Reductio ad absurdum
The Latin name for proof by contradiction: reducing an assumption to absurdity.
Lowest terms
A fraction a/b whose numerator and denominator share no common factor.
Irrational number
A real number that cannot be written as a ratio of two integers.

Module 5: Mathematical Induction

Prove statements about all natural numbers with ordinary and strong induction.

The Principle of Mathematical Induction

  • State the base case and inductive step of an induction proof.
  • Prove a summation formula by induction.
  • Prove a divisibility statement by induction.

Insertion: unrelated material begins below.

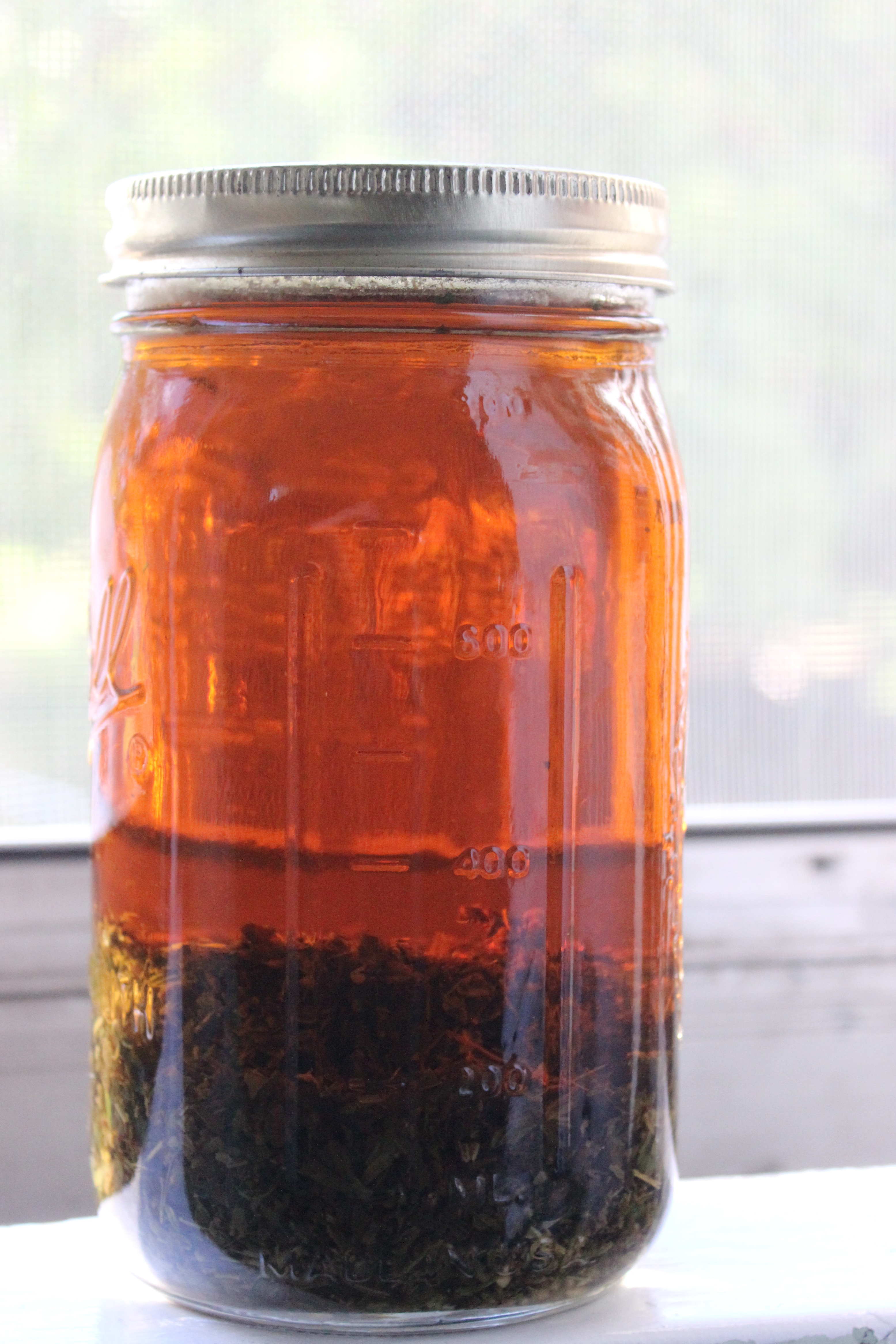For an infusion, place 7 – 8 Tbs. of the herb mix into the bottom of a quart jar. Cover with boiling water and allow to steep for 4-8 hours (I let it sit on the counter overnight). This brew can then be reheated or enjoyed as an iced tea. Just make sure to drink it within a couple of days.

Mathematical induction proves a statement P(n) for every natural number n (starting from some base, often 0 or 1). The idea is the domino effect: if the first domino falls, and each fallen domino knocks over the next, then all the dominoes fall. Formally, to prove FORALL n >= 1, P(n), you establish two things:

  1. Base case: prove P(1) directly (the first domino falls).
  2. Inductive step: prove that FORALL k >= 1, (P(k) => P(k+1)) (each domino topples the next). Inside this step you assume P(k), called the inductive hypothesis, and use it to derive P(k+1).

Once both hold, the principle of induction guarantees P(n) for all n >= 1. The base case and the inductive step are equally essential: without the base case the chain never starts, and without the step the chain never continues.

Worked example one: a summation formula

Theorem. For every natural number n >= 1, 1 + 2 + 3 + ... + n = n(n+1)/2.

Proof by induction on n.

Base case (n = 1): the left side is just 1, and the right side is 1(2)/2 = 1. They agree, so P(1) holds.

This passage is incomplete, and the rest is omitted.